With Tarmac's 1971 takeover of Limmer and Trinidad Limited, a London-based quarry products business with an asphalt lake in Trinidad, it became the largest road surfacing contractor and blacktop producer in the United Kingdom.
Foster Yeoman, familiar today for their use of high capacity wagons, were also involved in shipping 'tarred macadam' by rail, however I have not traced an reference to tank wagons in this firm's livery.
Firms dealing in Bitumen Emulsions
Bitumen Emulsions are fine particles of bitumen suspended in water, used for road surfacing as the water allows the normally very viscous bitumen to be sprayed onto a road surface with less heating, the water then evaporates. The secret to keeping the oily tar suspended in the emulsion is to electrostatically charge the bitumen particles so they repel each other and do not coagulate. This technique, called Cold Spray, was invented at the beginning of the 1920s by Hugh Allan Mackay and George Samuel Illay (a patent was granted in 1922). By then, Mackay had formed his own company, Asphalt Cold Mix Limited, to exploit the patent in the United Kingdom. I was not able to find any reference to wagons owned by Mr Mackay's company.
British Bitumen Emulsions Ltd
This company sold an emulsion mix they called Colfix Emulsion. There is a photograph of one of their wagons in Mr Tourret's book 'Petroleum Rail Tank Wagons of Britain' showing one of their tanks, a two-compartment affair secured at either end by angled plates, the side plating extends beyond the tank ends (sometimes seen on insulated wagons although not common), making this a moderately easy tank to model using a printed paper wrapper.
Fig ___ British Bitumen Emulsions Ltd twin tank
Lion Emulsions Ltd
This company were operating tank wagons by the mid 1930s (possibly earlier) and were one of the last companies to operate a fleet of smaller tanks (most apparently second hand). Some of their anchor mounted tanks continued in use into the 1980s (although the Lion Emulsions branding seems to have disappeared in the 80's, the tanks then being black with just the standard markings and twin traffic stars on them).
Colas
The French firm Colas was formed in 1924 and purchased the exclusive rights to use the product in France. The name Colas (for 'cold asphalt') was adopted because even then other firms were selling their own 'cold spray' products and the term was no longer only associated with the Mackay-Illay product. This company also operated in the UK, they had at least one tank wagon built in the later 1920s however the only photograph I have seen was in Mr Tourret's book Petroleum Rail Tank Wagons of Britain (see Bibliography), this appears to be a maker's photo and there are no markings on the tank body other than the company name.

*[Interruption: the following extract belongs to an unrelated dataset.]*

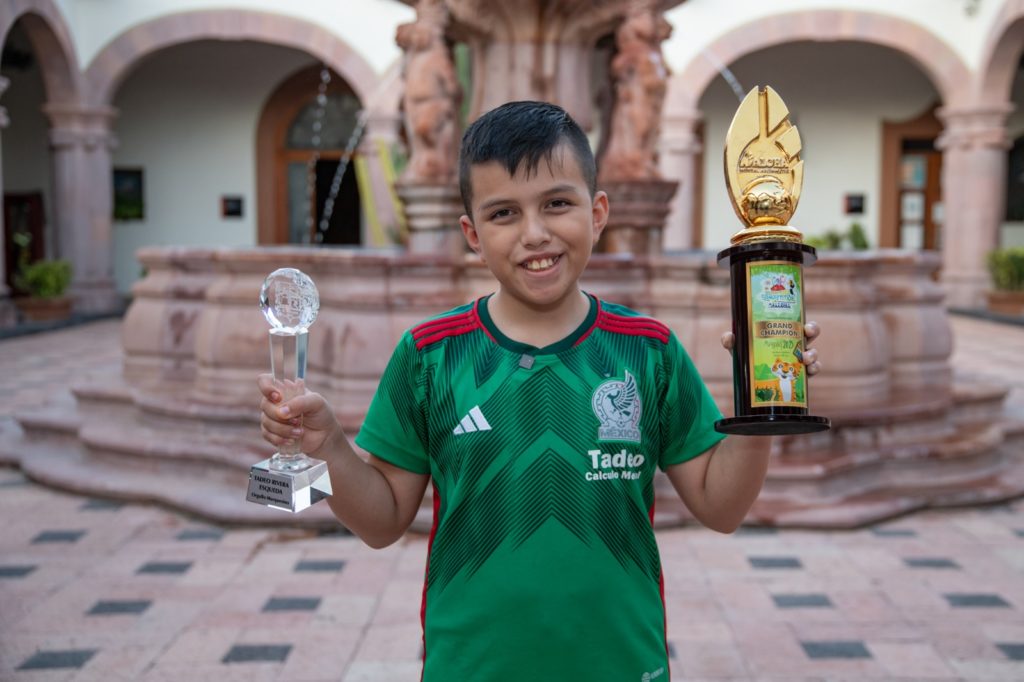 El presidente municipal de El Marqués, Enrique Vega Carriles, recibió en el Centro Municipal El Marqués, al niño Tadeo Rivera Esqueda, orgullo marquesino, perteneciente a la comunidad de San Vicente Ferrer, quien a sus 11 años se convirtió en el Grand Champion a nivel mundial, al contender con 40 países en la Competencia Internacional de Cálculo Mental del sistema ALOHA, realizado en Malasia.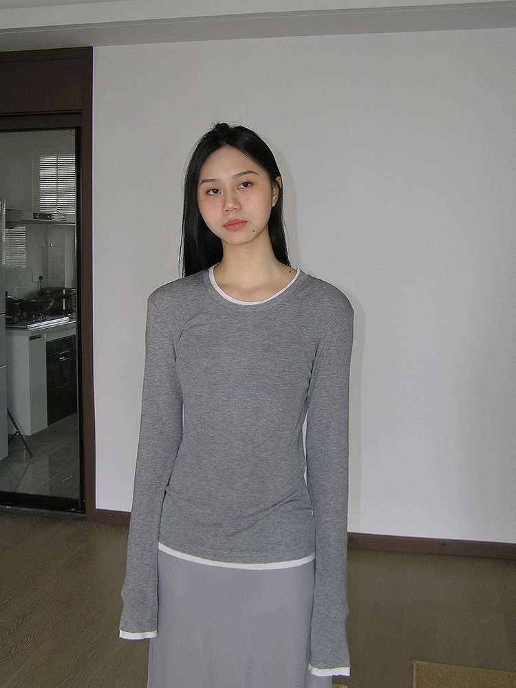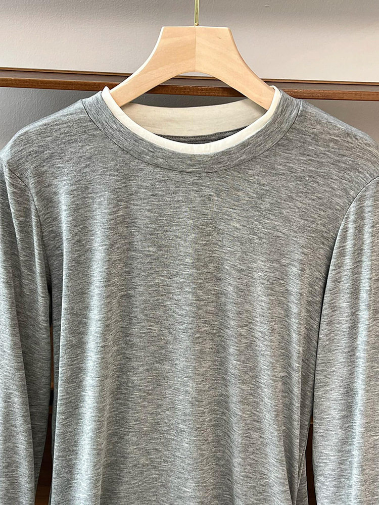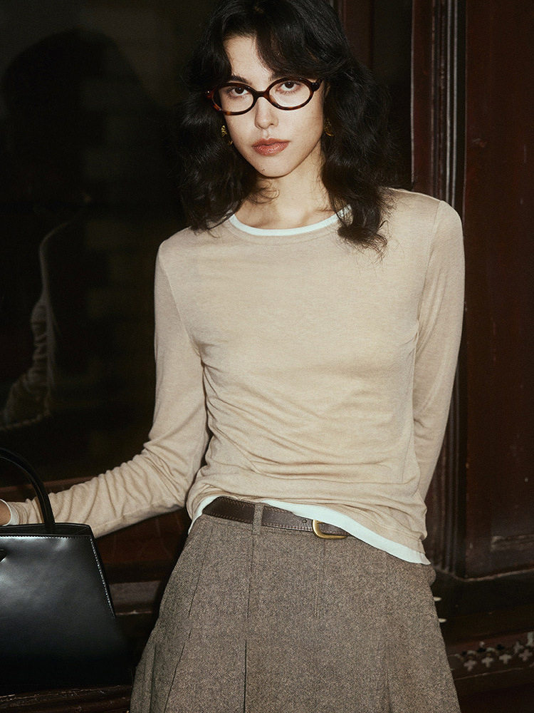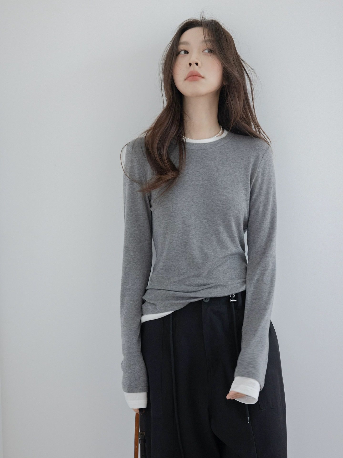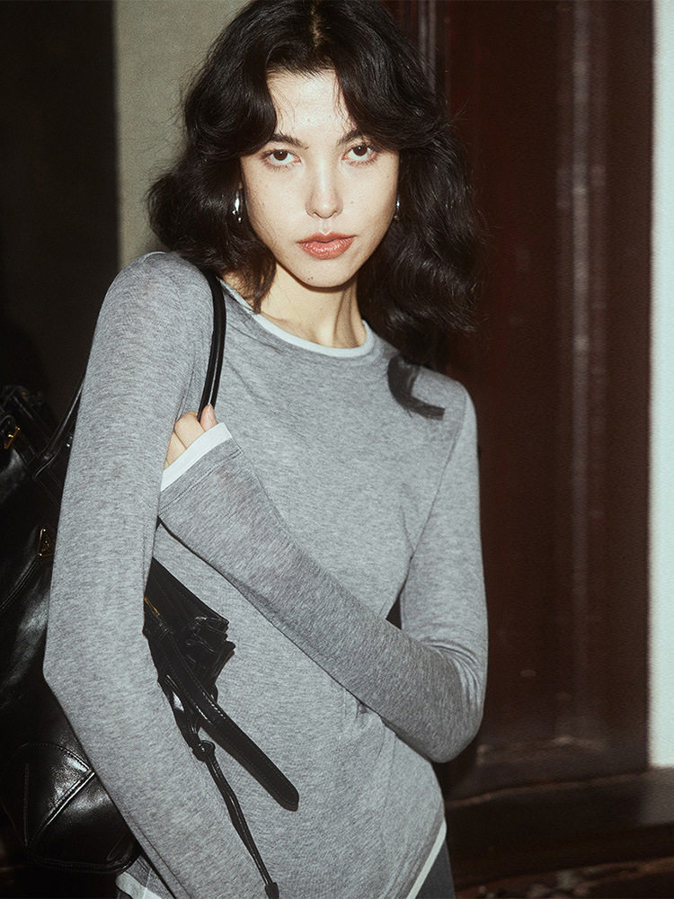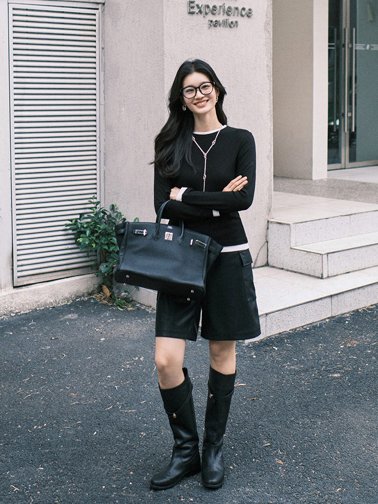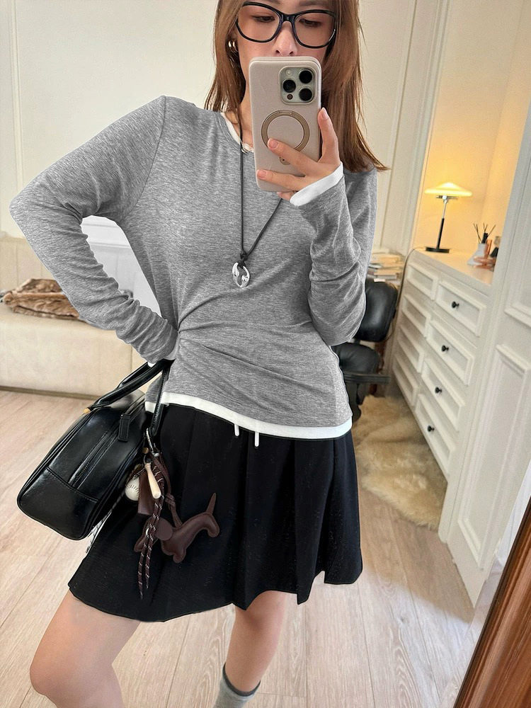 杭州四媛服饰有限公司四媛 简约时尚圆领拼接撞色假两件针织衫长

Viamuls Ltd Operated leased tank wagons in their 'Bitumuls' livery in the 1920s and 1930s, the example below is from the Bachman Farish N gauge range.
Fig ___ Bachman Farish 'Bitumuls' tank
Scientific Roads Ltd Based in Shipley (Yorkshire) and established in about 1930, this company called its product 'Bitrin', the wagons were black with the product name with the company name underneath in white. There is a goof photograph of one of the wagons in Bill Hudson's Private Owner Wagons Vol. 3.